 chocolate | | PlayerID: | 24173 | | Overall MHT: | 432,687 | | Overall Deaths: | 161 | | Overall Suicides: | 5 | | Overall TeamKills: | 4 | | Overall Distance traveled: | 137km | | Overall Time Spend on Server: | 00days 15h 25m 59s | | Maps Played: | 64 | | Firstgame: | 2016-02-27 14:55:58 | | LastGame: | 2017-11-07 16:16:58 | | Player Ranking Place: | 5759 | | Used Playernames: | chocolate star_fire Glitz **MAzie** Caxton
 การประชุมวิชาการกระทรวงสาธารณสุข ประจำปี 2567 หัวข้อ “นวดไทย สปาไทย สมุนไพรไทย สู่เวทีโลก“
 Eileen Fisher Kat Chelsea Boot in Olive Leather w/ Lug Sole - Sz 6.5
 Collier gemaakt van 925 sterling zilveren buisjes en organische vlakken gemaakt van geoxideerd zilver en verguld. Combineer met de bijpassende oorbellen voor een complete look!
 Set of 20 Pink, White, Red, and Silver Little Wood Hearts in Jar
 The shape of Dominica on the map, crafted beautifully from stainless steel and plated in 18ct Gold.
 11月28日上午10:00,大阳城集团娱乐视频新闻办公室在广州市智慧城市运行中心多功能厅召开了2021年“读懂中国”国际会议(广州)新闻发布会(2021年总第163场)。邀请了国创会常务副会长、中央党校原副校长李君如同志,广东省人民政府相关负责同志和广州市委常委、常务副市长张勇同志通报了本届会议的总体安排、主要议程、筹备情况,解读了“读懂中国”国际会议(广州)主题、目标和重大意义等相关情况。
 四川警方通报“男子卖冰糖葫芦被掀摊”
——
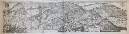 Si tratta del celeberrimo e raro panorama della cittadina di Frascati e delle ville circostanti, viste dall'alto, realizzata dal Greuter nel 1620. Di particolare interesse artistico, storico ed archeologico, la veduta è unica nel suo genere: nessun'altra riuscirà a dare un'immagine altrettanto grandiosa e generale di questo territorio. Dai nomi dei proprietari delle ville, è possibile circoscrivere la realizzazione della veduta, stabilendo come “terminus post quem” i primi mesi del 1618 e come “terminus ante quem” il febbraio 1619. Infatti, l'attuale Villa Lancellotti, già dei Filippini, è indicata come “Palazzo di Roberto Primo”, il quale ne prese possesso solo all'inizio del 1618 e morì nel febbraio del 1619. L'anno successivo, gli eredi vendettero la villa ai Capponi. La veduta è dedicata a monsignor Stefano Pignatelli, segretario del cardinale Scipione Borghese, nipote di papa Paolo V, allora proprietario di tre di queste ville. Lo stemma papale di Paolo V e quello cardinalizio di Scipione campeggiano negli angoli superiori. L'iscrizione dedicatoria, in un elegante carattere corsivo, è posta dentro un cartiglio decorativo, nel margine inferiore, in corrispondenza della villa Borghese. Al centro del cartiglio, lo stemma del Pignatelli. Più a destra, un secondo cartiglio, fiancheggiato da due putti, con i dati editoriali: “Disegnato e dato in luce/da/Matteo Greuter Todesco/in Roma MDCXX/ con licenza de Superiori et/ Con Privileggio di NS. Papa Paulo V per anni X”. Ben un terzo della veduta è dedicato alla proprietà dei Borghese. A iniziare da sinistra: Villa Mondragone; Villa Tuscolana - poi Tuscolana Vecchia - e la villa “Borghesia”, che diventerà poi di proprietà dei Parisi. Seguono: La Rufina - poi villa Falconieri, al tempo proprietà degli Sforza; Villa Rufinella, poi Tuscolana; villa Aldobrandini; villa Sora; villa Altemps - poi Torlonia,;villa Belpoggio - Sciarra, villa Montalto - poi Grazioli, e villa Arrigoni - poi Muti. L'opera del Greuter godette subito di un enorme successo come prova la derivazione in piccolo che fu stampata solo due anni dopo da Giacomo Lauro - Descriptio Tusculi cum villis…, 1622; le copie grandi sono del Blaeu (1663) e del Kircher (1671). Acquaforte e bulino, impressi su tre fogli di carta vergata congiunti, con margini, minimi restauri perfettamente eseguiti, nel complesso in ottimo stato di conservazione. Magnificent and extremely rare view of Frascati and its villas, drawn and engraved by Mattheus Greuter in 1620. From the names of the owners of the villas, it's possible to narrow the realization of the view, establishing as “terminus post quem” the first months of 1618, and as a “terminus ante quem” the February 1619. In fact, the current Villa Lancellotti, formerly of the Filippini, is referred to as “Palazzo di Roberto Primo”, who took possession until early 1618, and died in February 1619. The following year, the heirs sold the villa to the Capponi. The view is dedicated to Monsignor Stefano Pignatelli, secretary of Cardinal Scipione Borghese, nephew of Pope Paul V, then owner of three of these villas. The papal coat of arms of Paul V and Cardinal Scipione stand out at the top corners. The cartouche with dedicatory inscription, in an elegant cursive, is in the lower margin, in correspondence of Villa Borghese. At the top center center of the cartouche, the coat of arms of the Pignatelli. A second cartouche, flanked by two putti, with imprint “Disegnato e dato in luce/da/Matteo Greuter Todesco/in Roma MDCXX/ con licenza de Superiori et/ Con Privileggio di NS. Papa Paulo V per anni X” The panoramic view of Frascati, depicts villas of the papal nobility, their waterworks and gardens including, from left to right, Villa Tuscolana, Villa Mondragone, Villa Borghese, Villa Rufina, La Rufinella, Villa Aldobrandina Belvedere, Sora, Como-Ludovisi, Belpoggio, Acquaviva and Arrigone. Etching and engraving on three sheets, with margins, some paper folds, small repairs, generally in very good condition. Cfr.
——
• EXERCISE AIM: Using only the entries above, output the line with "chocolate | |", the line with "Eileen Fisher Kat", and all lines between them, exactly as they stand.

• RESULT OF THIS TASK:
 chocolate | | PlayerID: | 24173 | | Overall MHT: | 432,687 | | Overall Deaths: | 161 | | Overall Suicides: | 5 | | Overall TeamKills: | 4 | | Overall Distance traveled: | 137km | | Overall Time Spend on Server: | 00days 15h 25m 59s | | Maps Played: | 64 | | Firstgame: | 2016-02-27 14:55:58 | | LastGame: | 2017-11-07 16:16:58 | | Player Ranking Place: | 5759 | | Used Playernames: | chocolate star_fire Glitz **MAzie** Caxton
 การประชุมวิชาการกระทรวงสาธารณสุข ประจำปี 2567 หัวข้อ “นวดไทย สปาไทย สมุนไพรไทย สู่เวทีโลก“
 Eileen Fisher Kat Chelsea Boot in Olive Leather w/ Lug Sole - Sz 6.5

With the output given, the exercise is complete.